Kitabı oku: «Vainqueur, Vaincu, Fils », sayfa 3
CHAPITRE SIX
Ceres descendit du petit bateau et passa sur la rive, impressionnée par le fait qu'un endroit comme celui-là puisse exister quelque part sous terre. Elle savait que les pouvoirs des Anciens régnaient ici mais elle ne comprenait pas pourquoi ils gardaient cet endroit. Pourquoi créer un jardin au centre d'un cauchemar ?
Bien sûr, du peu qu'elle avait vu des Anciens, le fait qu'il existe un cauchemar pouvait être une raison suffisante pour l'existence du jardin.

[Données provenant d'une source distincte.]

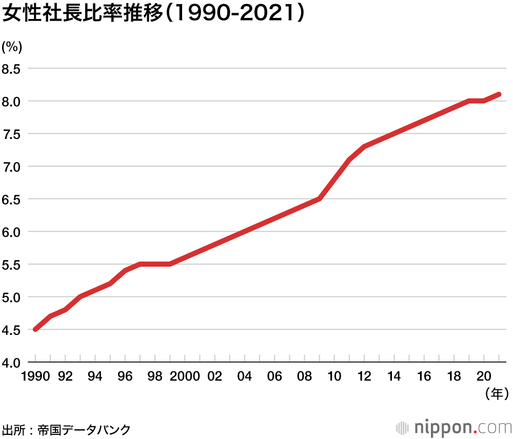 帝国データバンクが全国約117万社の事業会社を対象とした分析で、2021年4月末時点の日本の女性社長比率は前年0.1%増の8.1%となった。1990年の3.5ポイントから緩やかに上昇が続いているが、依然として女性社長の占める割合は1割を下回る。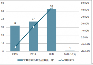 2015-2019年2月我國車載冰箱新增企業(yè)數(shù)量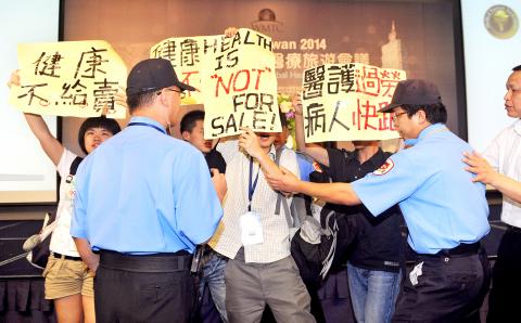 Dozens of representatives from the Doctors’ Working Conditions Reform Task Force, the Taiwan Radical Nurses Union, the Taiwan Healthcare Reform Foundation, Covenants Watch, the Taiwan Association for Victims of Occupational Injuries and the Black Island National Youth Front staged a protest outside the Taipei International Convention Center, where the Asia segment of the annual World Medical Tourism and Global Healthcare Congress was being held.

De plus, il y avait le dôme, qui semblait être fait de pure lumière dorée. Ceres s'en rapprocha. S'il y avait une réponse à trouver ici, elle était sûre qu'elle serait quelque part à l'intérieur de ce dôme.

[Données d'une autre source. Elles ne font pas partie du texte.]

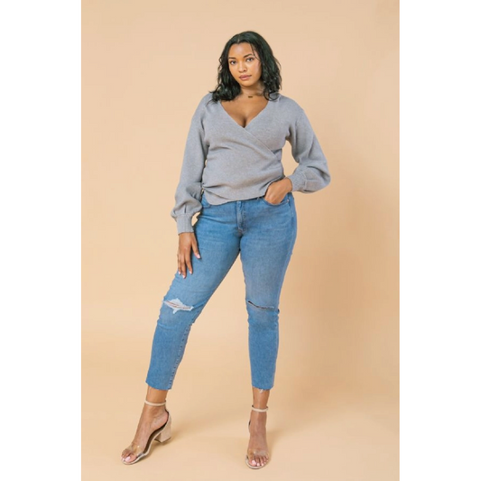 Heather Grey Curvy Fit Wrap Sweater

Il y avait une brume légère dans la lumière et, à l'intérieur, Ceres pensa voir deux silhouettes. Elle espéra que ce n'étaient pas d'autres sorciers morts-vivants. Ceres n'était pas sûre qu'elle aurait encore la force d'en affronter.
Quand Ceres essaya d'entrer dans la lumière, elle ne put s'empêcher de se préparer à ressentir une sorte de choc ou de force dont le but aurait été de la repousser. En fait, il n'y eut qu'un moment de pression puis elle traversa la lumière, entra dans le dôme et regarda autour d'elle.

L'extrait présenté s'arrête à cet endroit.